Rabu 22 Oct 2014 16:55 WIB

Ini Alasan Mengapa Harus Hati-Hati Makan Gorengan

Rep: C85/ Red: Ichsan Emerald Alamsyah
Tukang penjual makanan gorengan, ilustrasi
Foto: Republika
Tukang penjual makanan gorengan, ilustrasi

REPUBLIKA.CO.ID, JAKARTA -- Hasil survey yang dilakukan oleh Lila Muliani dari Sinarmas Agri (PT. Smart) terhadap 100 responden berusia 24 hingga 45 tahun yang tinggal di Jabodetabek.

"Dari sepuluh pilihan menu yang disodorkan, masakan yang digoreng masih paling favorit," ujar Lila Muliani dalam orasi ilmiah yang dia sampaikan. Sepuluh menu yang ditawarkan juga termasuk bebrapa jenis masakan yang berbahan dasar sayuran.

Dia juga menambahkan, hasil survei menunjukkan bahwa masyarakat masih memilih makanan berat; seperti nasi uduk, nasi goreng, atau bubur; untuk menu sarapan mereka. Untuk menu gorengan, responden masih memfavoritkan ayam goreng, ikan goreng, tempe, dan tahu goreng. (Baca: Duh, Warga Jabodetabek Doyan 'Banget' Gorengan)

Dr Marzuki, seorang ahli gizi dari Poltekkes Jakarta mengungkapkan bahwa masyarakat jabodetabek harus berhati-hati makan gorengan. "Gorengan itu kan dimasak dengan digoreng. Untuk menggoreng butuh suhu tinggi, yang bisa menghasilkan peroksida," ujarnya kepada ROL.

Senyawa Peroksida ini, lanjut Marzuki, bila dibiarkan terpapar suhu tinggi dalam waktu yang lama dapat berubah menjadi karsinogen. Karsinogen ini lah yang bila dikonsumsi sangat berbahaya bagi kesehatan. "Risiko kanker meningkat bagi siapapun yang mengonsumsinya," ujarnya.

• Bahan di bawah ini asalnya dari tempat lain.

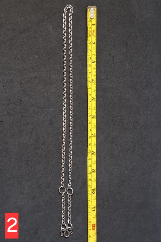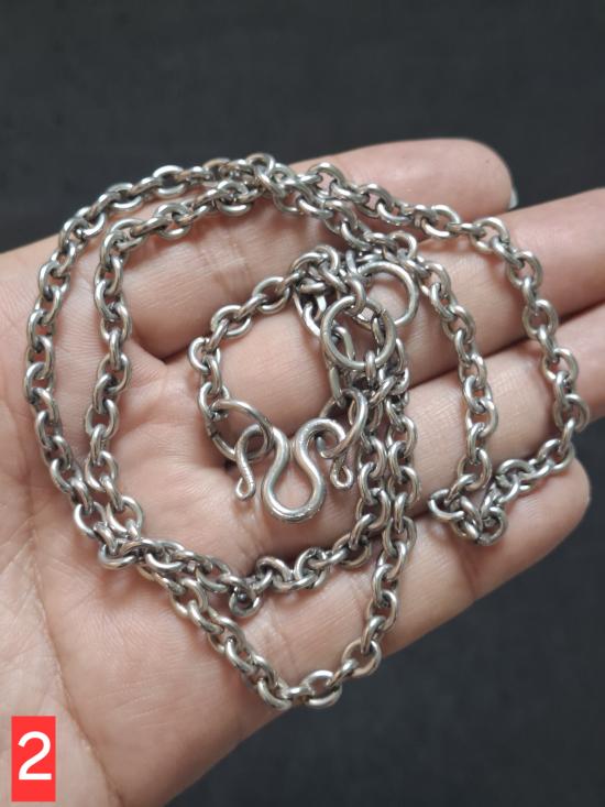 วัดใจ No.2 สร้อยเลสเก่า ตราลูกศร ลายโซ่ ห้อยพระได้3องค์ ยาว2ฟุตครับ |

Untuk itu Marzuki mengingatkan kepada konsumen agar berhati-hati dalam pemanfaatan minyak goreng. Berdasarkan penjelasannya, minyak goreng hanya boleh digunakan untuk 2 sampai 3 kali penggorengan. "Selebihnya tidak sehat," jelasnya.

Demikian juga dengan konsumsi makanan berminyak yang idealnya hanya dilakukan dua kali dalam seminggu. Marzuki menyarankan agar masyarakat mulai beralih kepada metode memasak tanpa minyak seperti mengukus atau merebus.

Penelitian ini juga menunjukkan bahwa total konsumsi rata-rata masyarakat Jabodetabek masih di atas kebutuhan kalori harian yang disarankan (AKG, 2013). "Kebutuhan kalori harian manusia normal, rata-rata 2000 kilo kalori," ujar Marzuki.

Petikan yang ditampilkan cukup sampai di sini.